I’ve grown fond, maternal even, of my ennui demon. He may be an existential nuisance but he’s my existential nuisance.
When he’s on his best behavior and not encouraging emotional breakdowns in cycling class, he’s pretty okay. He begs me to wallow around in songs and stories. He’s the impetus for my wildest, most meandering daydreams. Since he’s always bored, he’s constantly yelping for new distractions. He patters around, stomping on my toes, until I pick up something new. Once presented with a trinket, he clings to it like a troll with a gemstone. He’s as restless as me. I’ll pour him a glass of bourbon and watch it dribble down his chin as he gleefully gulps it. I’ll let him splash around at my feet in the bubble bath I drew to banish him. I’ll strap headphones to his ears and play him melancholy songs until - hopefully - he’s lulled asleep and gently snoring on my lap.

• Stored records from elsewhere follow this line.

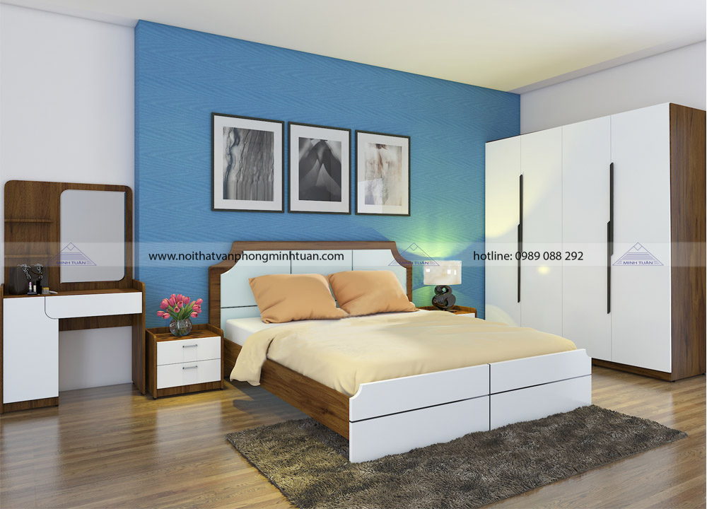 - Một bộ bao gồm giường, tap đầu giường, tủ áo 4 cánh, bàn phấn.
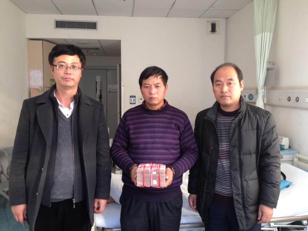 12月26日下午,学院副院长梅创社、学工部部长王超联、工商学院党总支书记孙继龙一行专程前往西安唐都医院,代表全院师生将17.7万余元的募捐款当面交给罹患重症的谷欣同学的父亲。手捧沉甸甸的爱心,他感激不已,对学校领导、师生和爱心人士的关心与帮助表示深深的感谢。
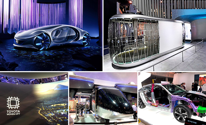 ▲ 좌측 상단 첫번째부터 시계방향으로)다임러 메르세데스 벤츠의 비전 AVTR, 현대자동차의 PBV, 혼다의 Civic Lightweight, 벨의 Flying Taxi, 토요타의 Woven City *
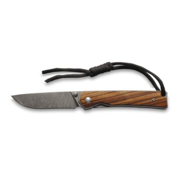 - Posee una hoja de acero inoxidable con acabado imitación acero de Damasco. Es un acabado único que le aporta un estilo sofisticado mientras mantiene la resistencia necesaria para un uso prolongado.
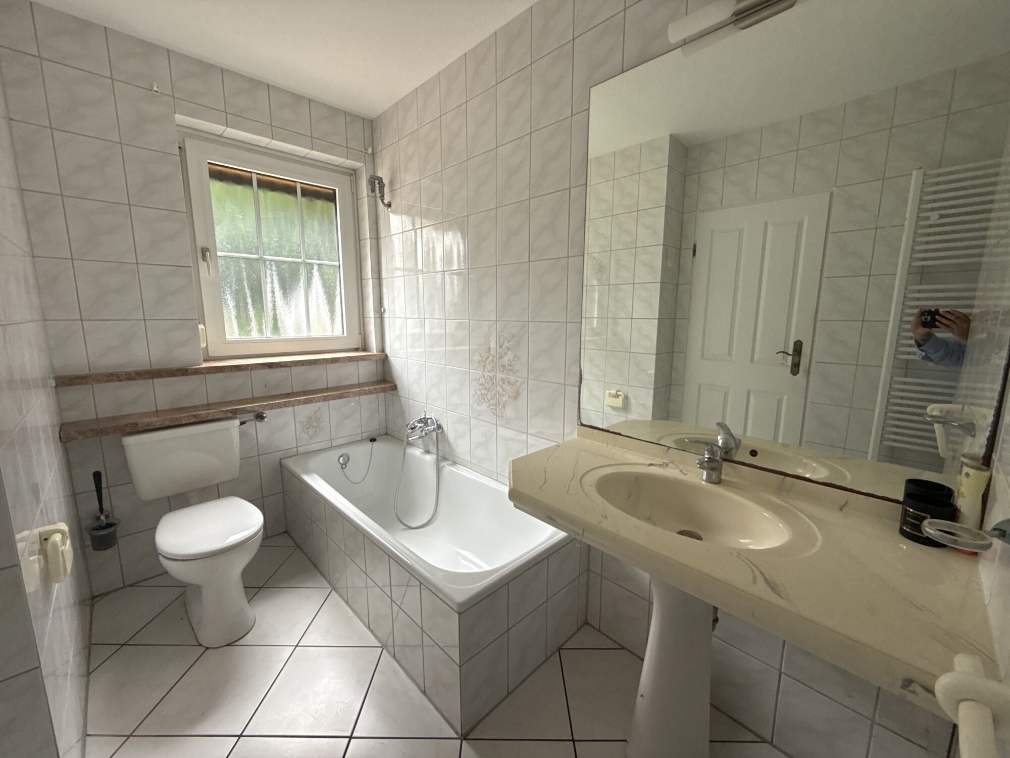 Das Wohnzimmer ist mit einer breiten, bodentiefen Fensterfront ausgestattet, die den Raum mit viel Licht durchflutet. Von hier aus können Sie die geschützte Terrasse im Westen betreten – der perfekte Ort, um den wohl verdienten Feierabend zu genießen. Da am Wohnzimmer direkt das ursprüngliche Elternschlafzimmer angrenzt, wurde die Wand geöffnet und es entstand ein zusätzliches Esszimmer.
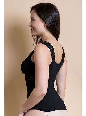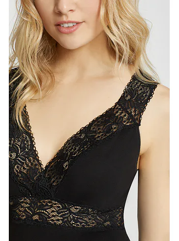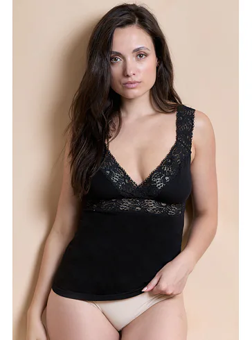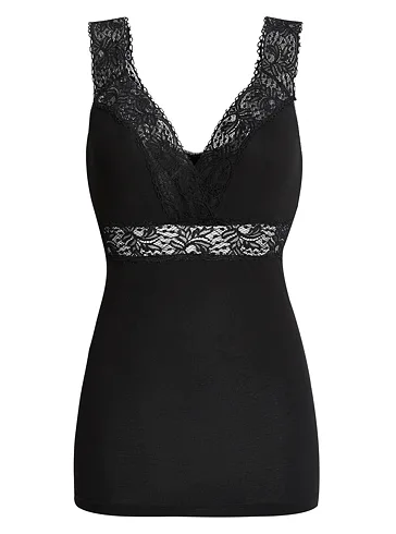Tílko od německé značky Con-ta vás uchvátí sexy výstřihem do písmene V a elegantní krajkou. Bavlněné tílko v černé barvě je ideálním kouskem na každodenní nošení.
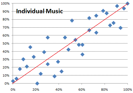 For the graphs below, we have sketched each band’s percentile on the trait specified (individual music and music ensemble here) in semi-finals against their percentile on that trait in the prelims.
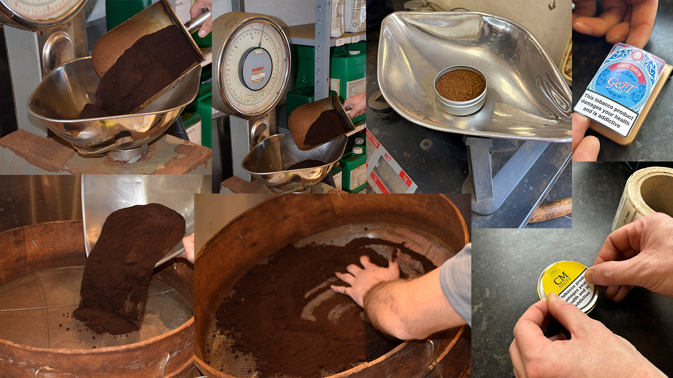 Blending, scenting and packing was done at Lowther Street. There were 9 basic bases made from various leaf compositions to give light, medium and dark snuffs, coarse and fine and then around 60 to 70 finished snuff flavours were made at Lowther Street, mixing various oils together and usually sieving the snuff at least 5 times during the blending and scenting process. The snuff would then be packed into various size tins for sale.
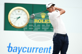 CORRECTS TO THE FIRST HOLE, NOT THE TENTH - Collin Morikawa of the U.S. tees off on the first hole during the first round of the Baycurrent Classic golf tournament at the Yokohama Country Club in Yokohama, near Tokyo, Thursday, Oct. 9, 2025. (AP Photo/Hiro Komae)
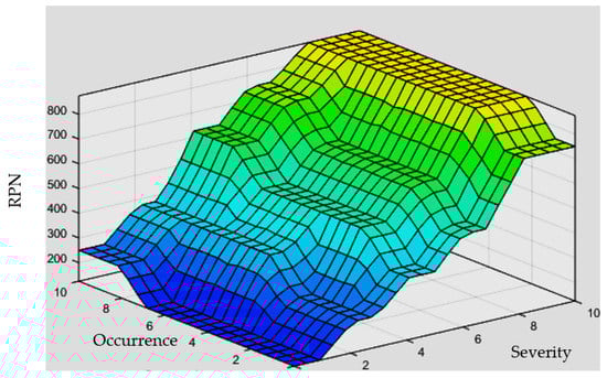 The response surfaces generated from the model are shown in Figure 8 and Figure 9. In them, you can see how the level of risk increases or decreases depending on the input criteria Severity, Occurrence, and Detection, when these tend to take a certain value on the lower axes of the three-dimensional plane.
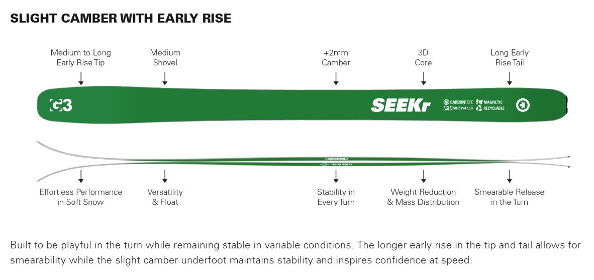 Lyže G3 SEEKr R3 100 jsou na svojí velikost velmi lehké, hravé a žádná vertikální překážka pro ně není problém. Ve stoupáních se vám bude zdát, že máte menší lyže a ve sjezdu budete nadšení. Nové lyže G3 R3 jsou 100% recyklovatelné, což znamená, že vaše lyže neskončí na skládce.

a small bibliography for dorks like me
Kaartinen, Marjo. “Killing Time. Ennui in Eighteenth-Century English Culture.” Journal of Early Modern Studies 6 (2017): 133.
Kuhn, Reinhard. “Introduction.” In The Demon of Noontide. Princeton University Press, 2017.
Scholar, Richard. Émigrés. Princeton University Press, 2020.
Scott-Macnab, David. “The Many Faces of the Noonday Demon.” Journal of Early Christian History 8, no. 1 (2018): 22–42.
Toohey, Peter. Boredom : A Lively History. Yale University Press, 2011.